What is PHERA?

What is PHERA?
“At BBI JU we are very proud to fund the PHERA project which aims to develop and commercialise bio-based insect pheromones for Crop protection. Sustainable crop protection is a key challenge that supports the contribution of BBI JU to the EU Green Deal and the need for agricultural productivity to significantly rise by 2050 while keeping biodiversity.”
Phillippe Mengal
Executive Director, BBI JU


PHEromones for Row crop Application (PHERA)

Agricultural productivity needs to rise by 70% by 2050 to feed a fast-growing population. This challenge is made difficult by the onset of insect pesticide resistance, increased regulatory pressure on crop protection chemicals, and consumer-driven demand for clean nutritious and healthy products. Pheromone insect controls, however, are safe, effective, affordable, and sustainable alternatives to toxic pesticides. Dispensing a pest insect’s sex pheromones into the field disrupts their ability to attract or find mating partners, keeping the pest population numbers low and the crops safe. Crops protected with pheromones have less chemical residue and the natural biodiversity of fields and orchards is preserved.

Mating disruption offers an effective solution to pest control and an alternative to current chemical-based insecticides. This approach uses insect sex pheromones to disrupt their reproductive cycles. Unlike chemical-based pesticides, it preserves biodiversity and has no environmental toxicity.

Although the science of mating disruption has been understood and proven for some 20 years, the cost of pheromone production has been a barrier to its deployment. However, research into production via fermentation methods has been under development for around five years. This will be able to produce pheromones at a fraction of the cost of the synthetic alternatives. The dramatic drop in price will move mating disruption for pest protection out of its current niche of high-value crops and make it affordable and accessible for large-scale row crops.

Creating an effective biotech-based method for producing pheromones will address this challenge and allow for the wider deployment of this solution. PHERA brings together the required expertise in production and formulation.

The Bio-Based Industries Joint Undertaking awarded the €6.4 million grant for the 2020-2022 period to a consortium of companies involved in PHERA, which aims to scale up pheromone production and application technology and to drive commercialization into major row crops. The PHERA consortium consists of companies specialized in pheromone application: SEDQ Healthy Crops (Spain), ISCA Europe (France), Russell IPM (UK), and Novagrica (Greece), as well as in bio-based pheromone production: BioPhero (Denmark). The consortium is completed with scale-up expertise from BPF (Netherlands), and life-cycle assessment capabilities from Fraunhofer (Germany).

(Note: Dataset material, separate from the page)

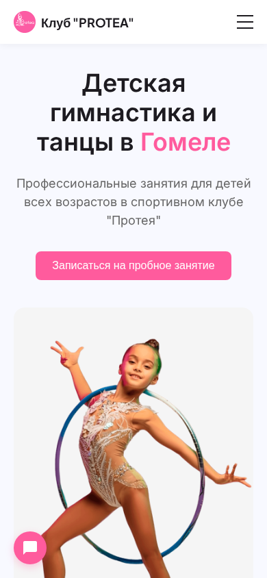 | SEO-описание | Спортивный клуб Протея в Гомеле - профессиональные занятия художественной гимнастикой и танцами для детей от 4 до 14 лет. ✓ Опытные тренеры ✓ Современное оборудование ✓ Удобное расписание ✓ Первое пробное занятие бесплатно! Запишитесь прямо сейчас! |

The pheromones used in PHERA will be produced by fermentation using renewable raw materials. The project thereby directly supports BBI JU’s strategic objectives by establishing a new bio-based business for pheromone-based pest control in row crops, while helping to solve the major societal issue of achieving sustainable agricultural productivity growth.

The PHERA grant will be used directly towards two critical steps required for large scale implementation: Scaling up the production of pheromones to production in 100 cubic meter fermentation tanks, and conducting large-scale mating disruption field experiments in row-crops to prove the efficacy of the pheromone formulations offered by the pheromone application companies.



The Objective

PHERA’s key objectives are twofold; first to demonstrate the cost-efficient production of three bio-based pheromones at scale; second, to contribute to increasing agricultural productivity through sustainable methods.

  • From an environmental perspective, using a pheromone-based approach to pest control has minimal impact compared to existing pesticides. The production method – using yeast fermentation – is also environmentally friendly. The process uses renewable raw materials, such as glycerol.
  • The PHERA technology will make pheromones an affordable form of pest control for row crops. This will help to increase food production to meet the demands of a growing population while at the same time considerably reducing long-term impacts on the environment.
  • This will also create a new industrial sector, dedicated to the production of sustainable pest control approaches. Thus, by 2027 PHERA will help establish a new agriculture technology industry for mating disruption products for row crop production worth more than €600 million, creating approximately 300 new jobs.